Pekar is many things. If you have heard of him, then you probably encountered him on the David Letterman show or as the writer and central character (but not the artist) of a series of comic books called American Splendor. Nevertheless, Pekar has spent most of his adult life as a file clerk, surrounded by people that society seems to overlook.
What sets Pekar apart from other comic book authors—indeed, from most artists of any kind—is his attention to the details of ordinary lives, to losers and "average folks," to menial activity and common conversation. As he focuses on these details, he discovers the epic, the tragic, and the comic in everyday life. His humor is tinged with bitterness, sadness, irony, and sarcasm, but it also glows with affection for unglamorous people.
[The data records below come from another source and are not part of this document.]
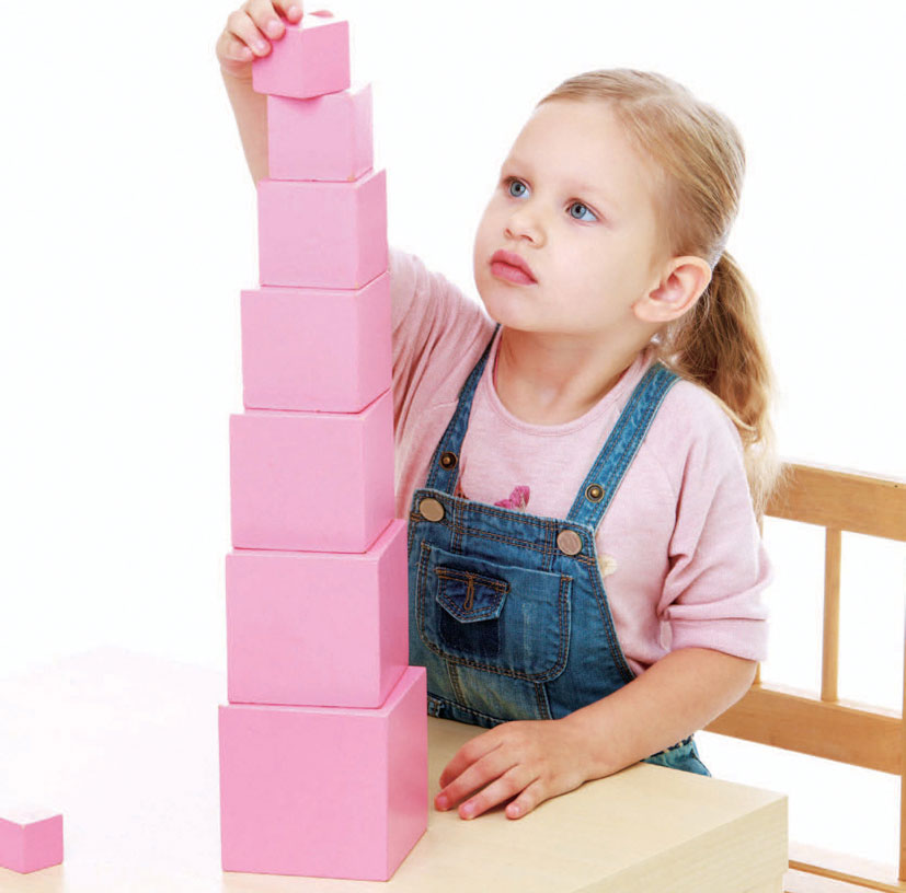 1.将所有的正方体打乱,然后让孩子按照从下到上、从大到小的顺序堆叠,直到他能堆成一座玫瑰色的塔为止。
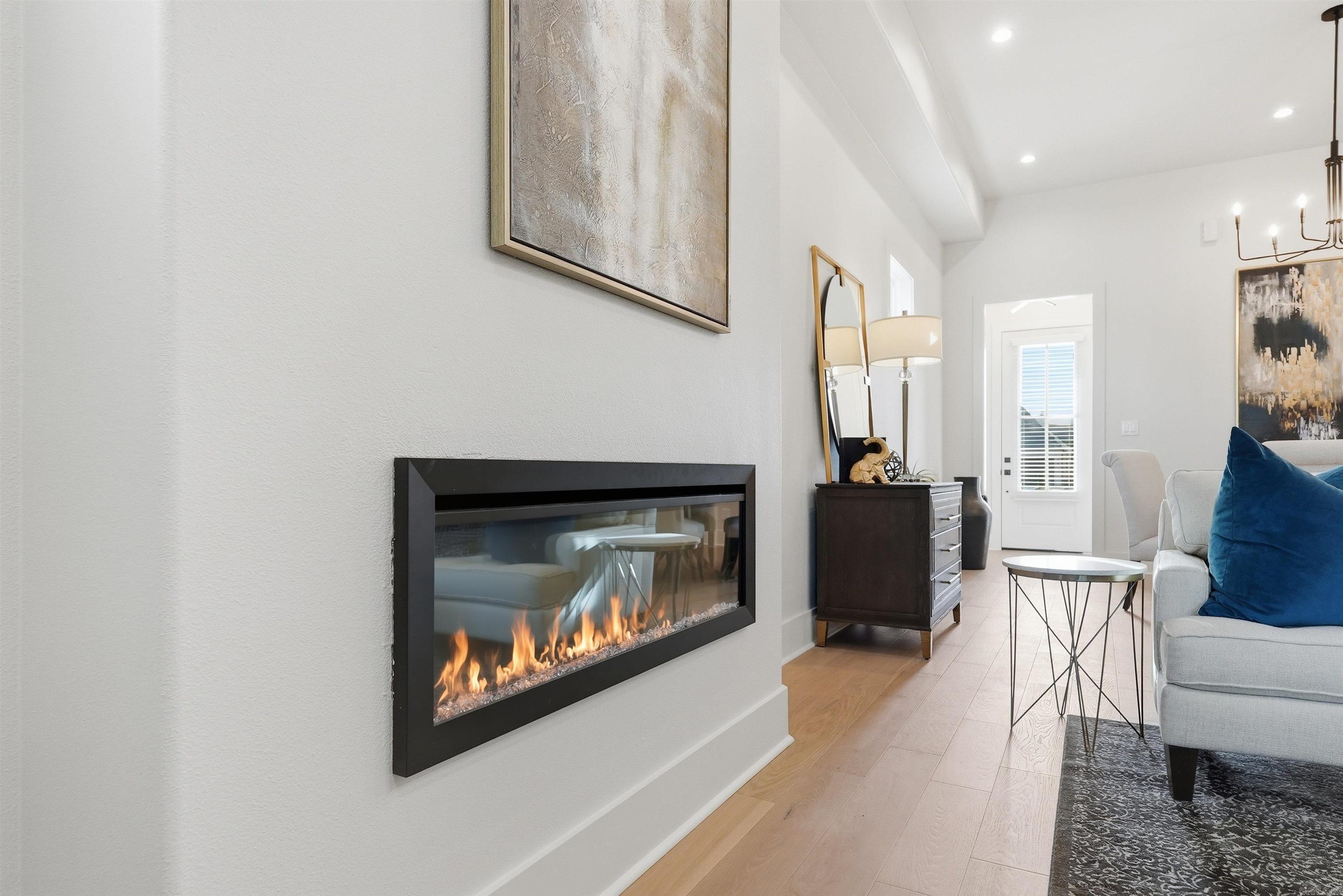 Step inside to discover wide-plank white oak flooring, soaring 12-foot ceilings in the main living area, and an open layout designed for both comfort and entertaining. The spacious great room features an electric LED fireplace that creates a warm focal point while adding a sleek, contemporary element to the space. The kitchen is designed with both style and functionality in mind, showcasing a large island, vent hood, and all GE appliances, creating the perfect space for cooking, gathering, and everyday living.
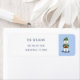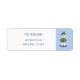 Quelques étiquettes d'adresse de retour mignonnes blanches et bleues claires de vacances portant un ours polaire portant des cadeaux. Personnalisez-les avec le nom de votre famille et votre adresse. © ArianeC Illustrations-Tous droits réservés

The new film American Splendor, written and directed by devoted Pekar fans Shari Springer Berman and Robert Pulcini, portrays the grouchy, cantankerous, philosophical cartoonist in a variety of ways. Pekar starts off as cartoon character, which then comes to life through an inspired performance by Paul Giamatti. Finally, the real Harvey arrives to play himself. Pekar narrates his own film in his unique laryngitic rasp, reading a script that others wrote about his life. It's a bold approach, and it succeeds brilliantly, thanks to clever screenwriting and a talented cast.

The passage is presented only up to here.